Problem to work on: Pictures in the listing should not be copied. Reproduce, word for word, each line from the one holding "2020年中国自纳米比亚进、出口商品总值对比" through the final line.

Data block:
==================================================

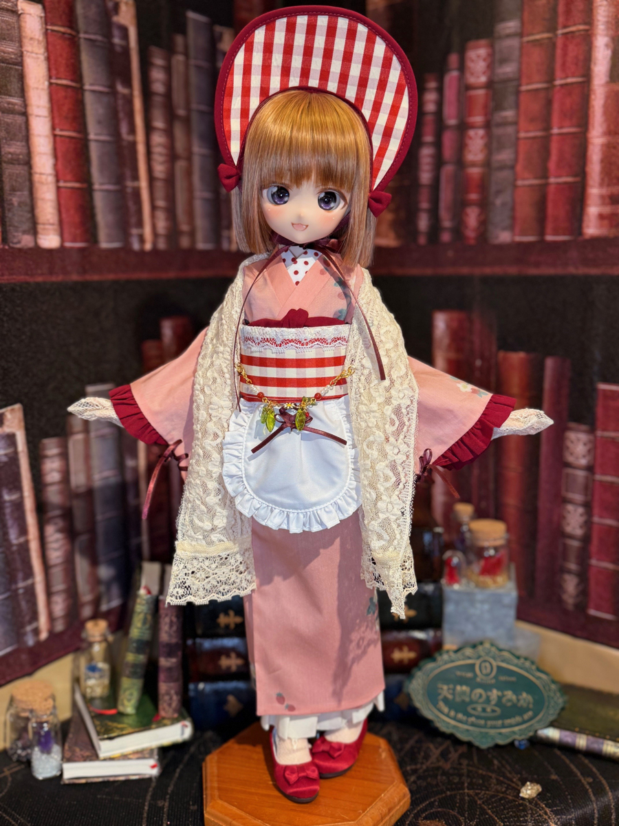 野苺柄のお着物とレースのショール、エプロンが和洋折衷な雰囲気を醸し出していますね♪
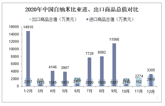 2020年中国自纳米比亚进、出口商品总值对比
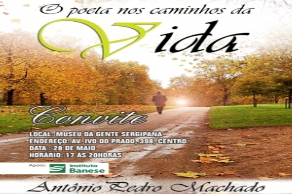 Na próxima quarta-feira, dia 28, a partir das 17hs, o poeta Antônio Pedro Machado lançará o livro “O Poeta nos caminhos da vida”. Com o apoio do Instituto Banese, o lançamento trará o primeiro livro do autor, que além de poeta é bacharel em Direito, Comunicação Social e Administração.

==================================================

Exercise output:
 2020年中国自纳米比亚进、出口商品总值对比
 Na próxima quarta-feira, dia 28, a partir das 17hs, o poeta Antônio Pedro Machado lançará o livro “O Poeta nos caminhos da vida”. Com o apoio do Instituto Banese, o lançamento trará o primeiro livro do autor, que além de poeta é bacharel em Direito, Comunicação Social e Administração.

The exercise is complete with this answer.